Конь, сука, во что ты меня втянул?
— Молчишь?
Он качает головой, потом выдвигает ящик из своего стола и достает из него какую-то папку. Открывает ее, листает. Я все это время наблюдаю за его действиями. Слова следака, к несчастью, все же на меня подействовали, но не настолько, чтобы себе приговор подписывать и на пожизненный идти.
Пока прокручиваю в башке сказанное, следак находит то, что искал и с грохотом швыряет на стол, прямо перед мной. Бросаю взгляд на фото и сразу отворачиваюсь. К горлу подступает тошнота.
— Вот это, Анна Соколова, сюда смотри, — подполковник наклоняется вперед, нависает надо мной и орет чуть ли не в ухо, — и таких Ань будет больше, если ты будешь дальше молчать.
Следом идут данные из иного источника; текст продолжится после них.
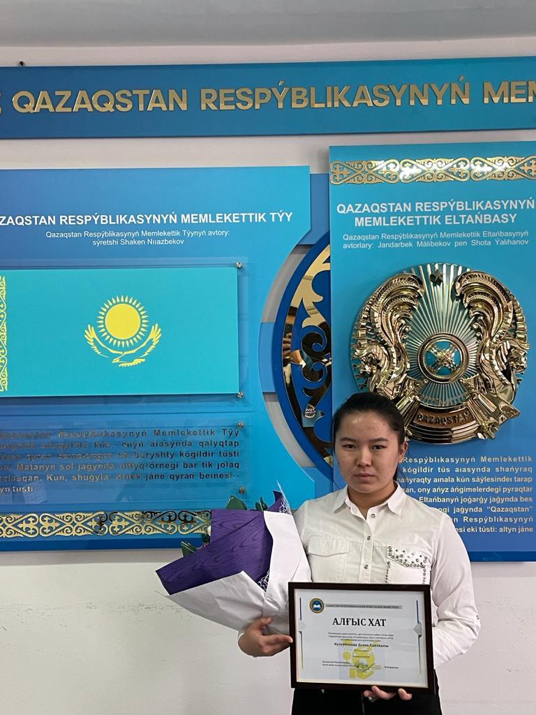 Техникалық және кәсіптік орта білімнен кейінгі білім беру студенттері арасында өткен “Ғаламшарды бірге сақтайық” онлайн акциясына қатысып, жоғары дәрежеден көрінген 6колледж 30-19 топ студенті Кулумбекова Даяна Адилқызы ҚР Білім және ғылым вице-министрі Ш. Каринованың арнайы Алғыс хатымен марапатталды.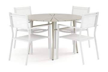 Tunis utomhus rund matgrupp 120 cm med 4 Tunis stapelstolar, Vit/Grå

Невольно кошусь на изображенное на фотографии, изуродованное тело девчонки. Моя ровесница.
— Рассказать подробно, как она умерла?
— Не надо, — огрызаюсь, не сумев сдержаться.
Черт!
Чувствую, как меня начинает мутить.
— Уберите, я ничего не буду говорить и мне адвокат положен, государственный, — произношу, сцепив зубы.
Пусть отправляет в камеру, мне добавить нечего.
— Идиот малолетний, — он снова заваливается в кресло и кричит: — дежурный, уведи его с глаз моих.
Возвращаюсь в камеру и с удивлением обнаруживаю, что у меня появился сосед. Бритоголовый амбал лежит на моей кровати, скрестив ноги и закинув руки за голову. Смотрит на меня в упор, ухмыляется.
— Это мое место, уважаемый, — произношу ровно, взгляд не отвожу.
Мне плевать, в общем-то, на его размеры, а вот на кровать свою с относительно чистым бельем — нет.
Мужик, впрочем, вставать не торопится, только лыбу шире давит. И вот на этом моменте я ловлю себя на отнюдь не радостной мысли. Этот урод здесь неспроста появился. Наверняка нарочно подселили.
Для чего?
Показания из меня таким образом выбить?
Четко осознаю, что рыпаться нет смысла и облегчать задачу бритоголовому не собираюсь. Делаю шаг назад, пусть и знаю, что даже если позову на помощь, никто не «услышит».
Конь, сука, придушу дебила.
Осматриваюсь в поисках хоть чего-нибудь, что могло бы послужить оружием, но кроме пустого мусорного ведра в углу, ничего не нахожу. Вырвать прутья у кровати, как это делают в тупом кино, у меня вряд ли получится. Никогда в эту херню не верил.
Мне везет только в том, что бугай не торопится приступать к делу. Куда же без дебильной театральщины. Подослали бы кого поумнее, я бы наверняка уже собственные кишки по бетонному полу размазывал.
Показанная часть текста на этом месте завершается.